Feb 26 19:43:59 arcucsb200095e0 kernel: "echo 0 > /proc/sys/kernel/hung_task_timeout_secs" disables this message.
Feb 26 19:43:59 arcucsb200095e0 kernel: kjournald D ffffffff801546d1 0 6427 465 6430 6424 (L-TLB)
Feb 26 19:43:59 arcucsb200095e0 kernel: ffff81066b6f1cf0 0000000000000046 000000006e420048 ffff8106853ea9d0
Feb 26 19:43:59 arcucsb200095e0 kernel: 00000001ffffffff 000000000000000a ffff810c6c31b080 ffff8106853f07a0
Feb 26 19:43:59 arcucsb200095e0 kernel: 00000184ac3ecc0b 0000000000000edf ffff810c6c31b268 0000000b1693b738
Feb 26 19:43:59 arcucsb200095e0 kernel: Call Trace:
Feb 26 19:43:59 arcucsb200095e0 kernel: [<ffffffff8006ec8f>] do_gettimeofday+0x40/0x90
Feb 26 19:43:59 arcucsb200095e0 kernel: [<ffffffff800155d3>] sync_buffer+0x0/0x3f
Feb 26 19:43:59 arcucsb200095e0 kernel: [<ffffffff800637ce>] io_schedule+0x3f/0x67
Feb 26 19:43:59 arcucsb200095e0 kernel: [<ffffffff8001560e>] sync_buffer+0x3b/0x3f
Feb 26 19:43:59 arcucsb200095e0 kernel: [<ffffffff800639fa>] __wait_on_bit+0x40/0x6e
Feb 26 19:43:59 arcucsb200095e0 kernel: [<ffffffff800155d3>] sync_buffer+0x0/0x3f
Feb 26 19:43:59 arcucsb200095e0 kernel: [<ffffffff80063a94>] out_of_line_wait_on_bit+0x6c/0x78
Feb 26 19:43:59 arcucsb200095e0 kernel: [<ffffffff800a2e8b>] wake_bit_function+0x0/0x23
Feb 26 19:43:59 arcucsb200095e0 kernel: [<ffffffff88033a41>] :jbd:journal_commit_transaction+0x553/0x10aa
Feb 26 19:43:59 arcucsb200095e0 kernel: [<ffffffff8003d85b>] lock_timer_base+0x1b/0x3c
Feb 26 19:43:59 arcucsb200095e0 kernel: [<ffffffff8004ad98>] try_to_del_timer_sync+0x7f/0x88
Feb 26 19:43:59 arcucsb200095e0 kernel: [<ffffffff88037662>] :jbd:kjournald+0xc1/0x213
Feb 26 19:43:59 arcucsb200095e0 kernel: [<ffffffff800a2e5d>] autoremove_wake_function+0x0/0x2e
Feb 26 19:43:59 arcucsb200095e0 kernel: [<ffffffff880375a1>] :jbd:kjournald+0x0/0x213
Feb 26 19:43:59 arcucsb200095e0 kernel: [<ffffffff800a2c45>] keventd_create_kthread+0x0/0xc4
Feb 26 19:43:59 arcucsb200095e0 kernel: [<ffffffff80032722>] kthread+0xfe/0x132
Feb 26 19:43:59 arcucsb200095e0 kernel: [<ffffffff8005dfb1>] child_rip+0xa/0x11
Feb 26 19:43:59 arcucsb200095e0 kernel: [<ffffffff800a2c45>] keventd_create_kthread+0x0/0xc4
Feb 26 19:43:59 arcucsb200095e0 kernel: [<ffffffff80032624>] kthread+0x0/0x132
Feb 26 19:43:59 arcucsb200095e0 kernel: [<ffffffff8005dfa7>] child_rip+0x0/0x11
====================
Many thanks for your help.
02-28-2012 05:32 AM
Hello,
Please provide following information
UCSM version
Blade model
CIMC, BIOS and M81KR adapter firmware version
ENIC and FNIC driver version
What type of storage are you trying to mount ?
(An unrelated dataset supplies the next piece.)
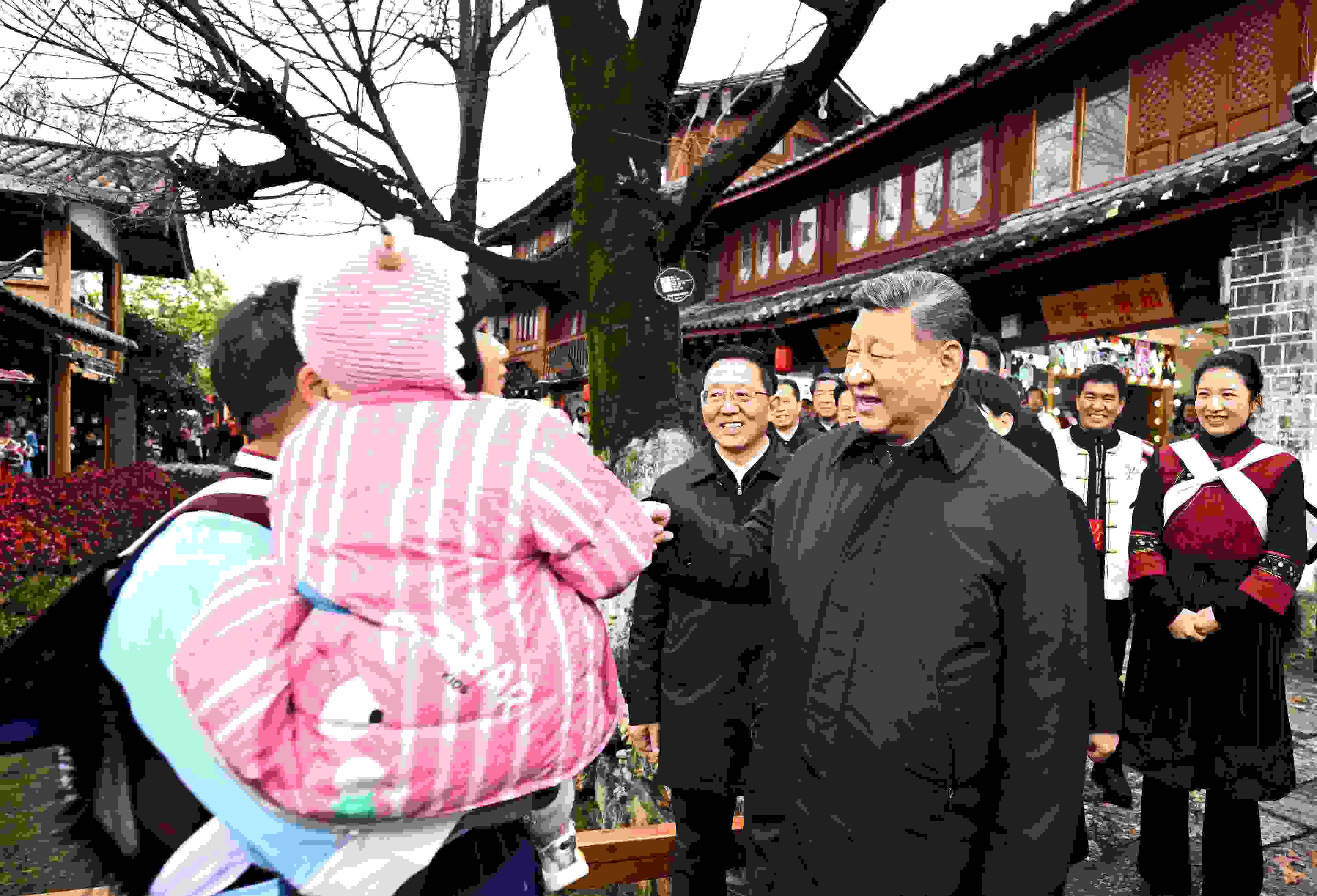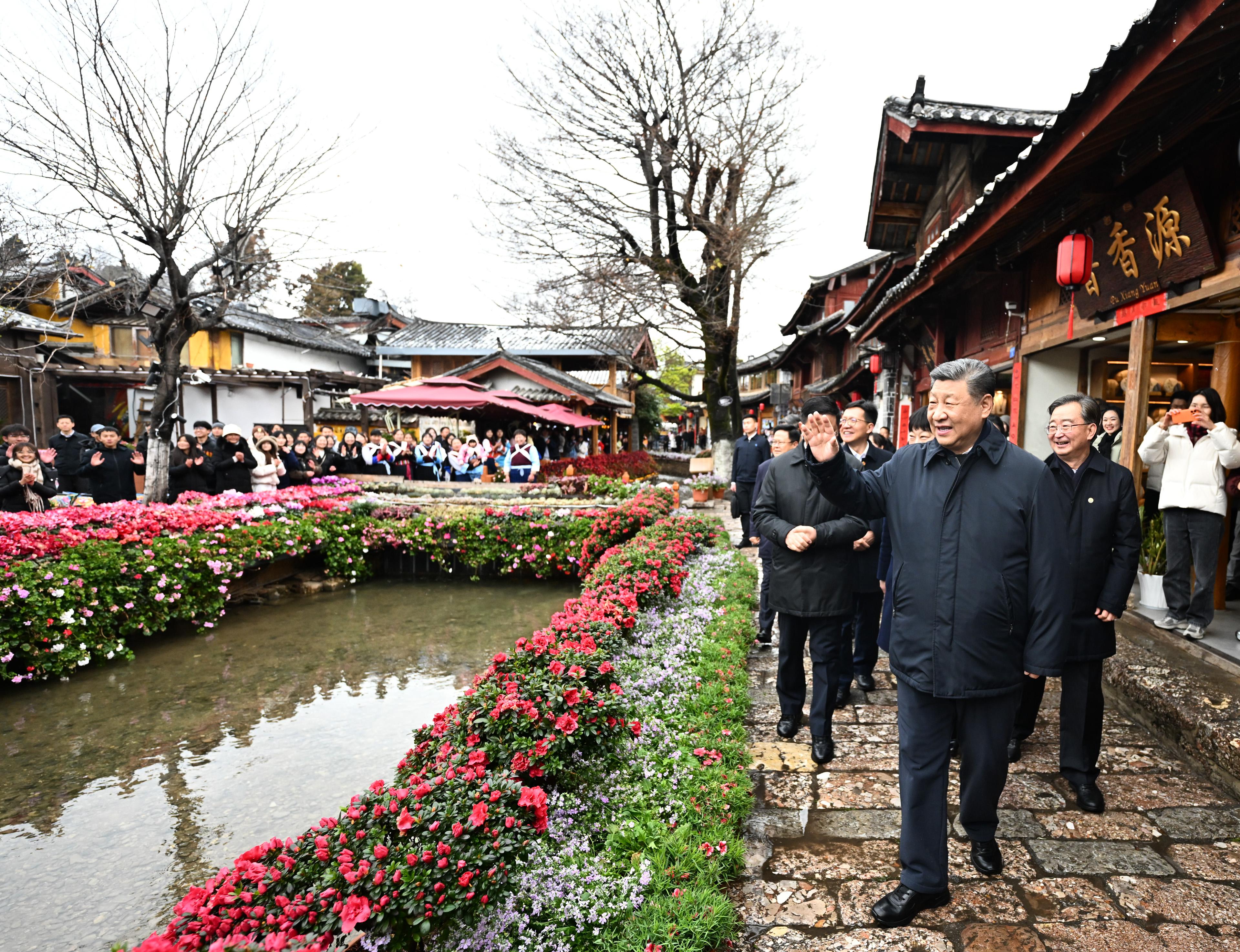 習(xí)近平總書(shū)記19日下午來(lái)到云南麗江古城,沿著石板路邊走邊看。當(dāng)?shù)鼐用窈脱赝居慰褪譄崆榈叵蚩倳?shū)記問(wèn)好,習(xí)近平不時(shí)停下腳步同大家親切交流。習(xí)近平說(shuō),這里的文化、風(fēng)光、民俗都非常吸引人,文旅融合促進(jìn)了經(jīng)濟(jì)發(fā)展。文旅產(chǎn)業(yè)要走一條持續(xù)、健康的發(fā)展之路。希望你們的生活幸福安康,就像納西族的大姓“和”姓一樣,和和美美。

Are you able to consistently reproduce the issue ?
Padma
02-29-2012 02:10 AM
Hi
Thanks for your help.
UCSM version : 2.0(1s)
Blade model : Cisco UCS B2000 M1
CIMC: 2.0( 1q)
BIOS: S5500.2.0.1a.0.081120111606
and M81KR adapter firmware version : 2.0(1q)
ENIC and FNIC driver version: 5.0(3)N2(2.1s)
What type of storage are you trying to mount : The storage is IBM SVC.
Thanks
02-29-2012 02:40 AM
Hello
You can get the driver version by executing following command in RHEL
modinfo enic
modinfo fnic
Can you consistently reproduce the crash ?
I am not aware of any known issues.
Please open a TAC service request with above information and also upload Redhat logs ( which can be collected by executing " sosreport -k rpm.rpmva=off " command )
Padma
Discover and save your favorite ideas. Come back to expert answers, step-by-step guides, recent topics, and more.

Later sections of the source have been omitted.